Operating Revenue Deductions
During 2005, total operating expenses increased approximately $59.0 million (21.5%) compared to 2004. Total fuel costs increased approximately $48.3 million (75.0%) during 2005 but were offset slightly by a small decrease in total purchased power costs of approximately $0.1 million (0.2%), resulting in a net increase of $48.2 million for fuel and purchased power. The increase in fuel costs was primarily due to higher prices for both hedged and unhedged natural gas that we burned in our gas-fired units in 2005 (an estimated $27.1 million) combined with increased generation by our gas fired units during 2005 as compared to 2004 (an estimated $15.9 million). Increased coal costs contributed approximately $3.3 million to the total fuel increase. Increased coal generation added approximately $0.2 million and increased fuel oil generation added $1.9 million. These increased costs reflect a $5 million one-time pre-tax gain from unwinding part of a physical purchase of natural gas for the 2009 through 2011 period as part of our fuel management process. This gain was recognized in the third quarter of 2005 as a decrease to fuel expense. Natural gas prices increased in 2005, in part, from the effects of hurricane activity in the Gulf of Mexico. The increased usage was due in part to weather, as well as changes in the wholesale market impacted by coal delivery issues in the Midwest. The decrease in purchased power costs primarily reflected a shift from serving our energy needs with purchased power to generating our own power reflecting that it was more economical to run our own generating units during 2005 than to purchase power.
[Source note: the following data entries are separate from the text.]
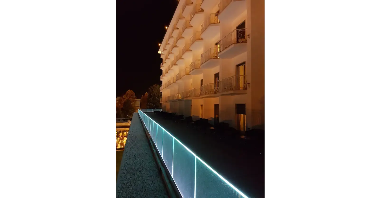 Il progetto riguarda il rifacimento dell’illuminazione interna ed esterna dell’Hotel con corpi illuminanti a led.
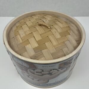 The Bamboo Steamer Set by KKTC Myland includes 2 steamer trays, 1 cover, and has an 8-inch diameter. Made of bamboo, this set is designed for steaming food in a healthy and efficient manner. The beige color and compact size make it easy to use and store in any kitchen. The set comes with a lid and baskets/trays, providing everything needed for a convenient cooking experience. NOTE: Cello wrapper is torn on the bottom.
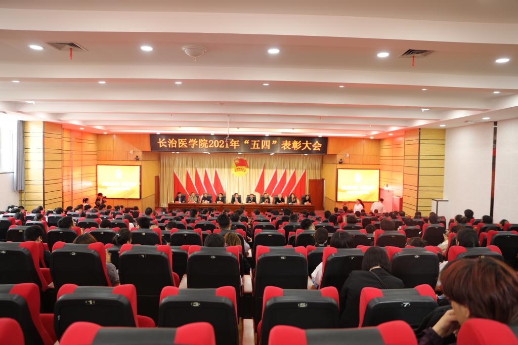 4月28日下午,我校在临床技能中心学术报告厅召开2021年“五四”表彰大会。学校党政领导李华荣、徐建和、宋晓亮、王金胜、郑金平,关工委常务副主任王新才,学工部部长邢育宏,宣传部部长崔红,校党(院)办主任、校团委书记王黎刚,人事处处长、青工委常务副主任姚慧卿出席大会。相关部门负责人,各院系党总支书记、各院系团委书记,受表彰集体和个人代表、新入团青年、团员青年共200余人参加大会。大会由王黎刚主持。
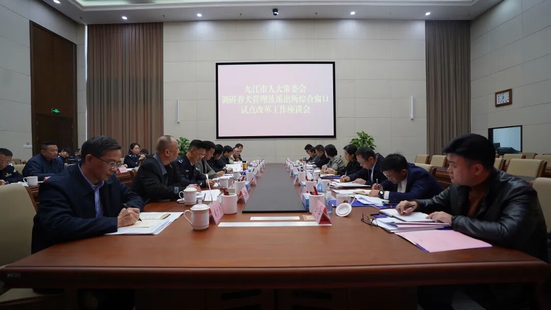廖奇志一行先后来到市流浪犬收容基地、濂溪区刘家塘派出所、市公安局等地,详细了解流浪遗弃犬只留检收容、派出所综合服务窗口及出入境接待大厅业务办理等方面情况。随后调研组召开座谈会,听取有关部门工作情况汇报,并进行深入交流。

Regulated — other operating expenses increased approximately $1.2 million (2.3%) during 2005 as compared to 2004 primarily due to a $0.7 million increase in employee health care costs, an approximate $0.5 million increase in employee pension expense, a $0.6 million increase in professional services expense and a $0.7 million increase in transmission and distribution expense. These increases were partially offset by a $0.5 million decrease in stock compensation costs, a $0.5 million decrease in general administrative expense due to reduced costs associated with Sarbanes-Oxley Section 404 compliance, and a $0.3 million decrease in other power supply expenses. As discussed previously, effective with the second quarter of 2005, we began deferring a portion of our pension cost into a regulatory asset as authorized in our 2005 Missouri rate case. We have deferred approximately $1.5 million as of December 31, 2005. Our accumulated pension benefit obligation (ABO) was projected to be higher than the fair value of our plan assets at December 31, 2005. Therefore, we elected to make an additional cash contribution of $11.5 million to our pension plan in 2005. This cash contribution had no effect on net income. See Note 8 of “Notes to Consolidated Financial Statements” under Item 8 for further discussion regarding our pension and post-retirement benefit plans.
Non-regulated operating expense for all periods presented is discussed below under “-Other Segment”.
Maintenance and repairs expense increased approximately $0.1 million (0.4%) during 2005 as compared to 2004. Although maintenance and repairs expense was up a total of $0.7 million at our coal-fired plants in 2005 and transmission and distribution maintenance expense was up $0.3 million, these increases were offset by a $1.1 million decrease in maintenance and repairs expense at the Energy Center. The decrease in maintenance and repairs expense at the Energy Center in 2005 was primarily due to the $1.0 million insurance deductible recorded to expense in the first quarter of 2004 related to maintenance on the Energy Center’s Unit No. 2 following a rotating blade failure on January 7, 2004 and to the second and third quarter maintenance costs related to repairs at the Energy Center not subject to insurance recovery.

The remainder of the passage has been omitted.